Here is haproxy -vv:
haproxy -vv -f /etc/haproxy/haproxy.cfg
HA-Proxy version 1.7.9-1ppa1~trusty 2017/08/19
Copyright 2000-2017 Willy Tarreau <willy@haproxy.org>
Build options :
TARGET = linux2628
CPU = generic
CC = gcc
CFLAGS = -g -O2 -fPIE -fstack-protector --param=ssp-buffer-size=4 -Wformat -Werror=format-security -D_FORTIFY_SOURCE=2
OPTIONS = USE_GETADDRINFO=1 USE_ZLIB=1 USE_REGPARM=1 USE_OPENSSL=1 USE_LUA=1 USE_PCRE=1 USE_NS=1
Default settings :
maxconn = 2000, bufsize = 16384, maxrewrite = 1024, maxpollevents = 200
Encrypted password support via crypt(3): yes
Built with zlib version : 1.2.8
Running on zlib version : 1.2.8
Compression algorithms supported : identity("identity"), deflate("deflate"), raw-deflate("deflate"), gzip("gzip")
Built with OpenSSL version : OpenSSL 1.0.1f 6 Jan 2014
Running on OpenSSL version : OpenSSL 1.0.1f 6 Jan 2014
OpenSSL library supports TLS extensions : yes
OpenSSL library supports SNI : yes
OpenSSL library supports prefer-server-ciphers : yes
Built with PCRE version : 8.31 2012-07-06
Running on PCRE version : 8.31 2012-07-06
PCRE library supports JIT : no (USE_PCRE_JIT not set)
Built with Lua version : Lua 5.3.1
Built with transparent proxy support using: IP_TRANSPARENT IPV6_TRANSPARENT IP_FREEBIND
Built with network namespace support
Available polling systems :
epoll : pref=300, test result OK
poll : pref=200, test result OK
select : pref=150, test result OK
Total: 3 (3 usable), will use epoll.
Available filters :
[COMP] compression
[TRACE] trace
[SPOE] spoe
No other issues besides the health checks (which cause decreased throughput).
So by disabling the health check, performance is fine?
Like I said, post the haproxy log, it will contain the reason the health check failed.
The log is very verbose because of the traffic I’m putting through it. What can I grep for? Is there anything I need to do to enable health check logging? I haven’t seen it.

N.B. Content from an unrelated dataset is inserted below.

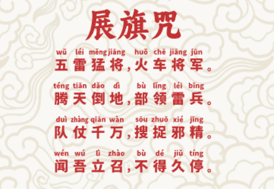 道教神咒符咒咒语展旗咒是道教比较重要和有名的咒语。本站重点给大家讲解下道教神咒符咒咒语展旗咒介绍,道教神咒展旗咒咒语。展旗咒解析展旗就是展开旗帜之意。此展旗咒主要是赞颂雷部王灵官领兵旆旗招展之景。道教认为王灵官是先天主将,一气神君。

health checks are always be logged, no need to enable anything.
If its to much output, disable everything else in the frontend:
option dontlog-normal
option dontlognull
Ok, thanks Lukas! I’ll spin my load testing stack back up and report back.

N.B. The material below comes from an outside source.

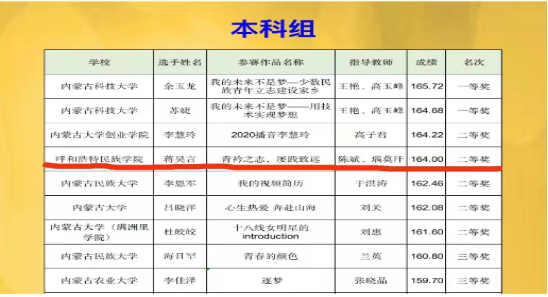 啟動線上咨詢指導,積極樹立優秀典型。疫情期間,就業指導處協同各二級學院就業工作人員、輔導員,通過電話、微信群和釘釘會議等多種網絡渠道為同學們提供了就業咨詢服務。為學生就業求職成長提供更多更廣闊的鍛煉平臺,提高畢業生的就業能力和職業素養,組織開展了2022年呼和浩特民族學院學生視頻簡歷大賽活動。在各學院精心推薦的150項作品中評審出14項優秀作品代表學校參加自治區比賽,經過激烈角逐,我?;瘜W與環境學院蔣昊言獲得2022年“位來杯”內蒙古自治區大學生視頻簡歷大賽總決賽(本科組)二等獎,化學與環境學院陳斌、瑙莫汗獲“優秀指導教師”稱號。通過此次比賽,促進典型引領作用,有效引導學生樹立正確的就業觀、擇業觀。

@lukastribus sorry for the delay. I turned on option dontlog-normal, but still get pretty noisy logs. I also don’t see healthchecks. Here’s an example of a log line I see (which seems normal to me. 200 status code).
Oct 5 14:48:24 colony haproxy[6307]: 10.2.1.112:59228 [05/Oct/2017:14:48:17.852] frontend backend/A 0/0/6031/282/6411 200 968 - - ---- 1805/1805/1356/99/1 0/0 {bar} “GET /www.google.com?foo=12868837 HTTP/1.1”
(I replaced the names of some of the servers).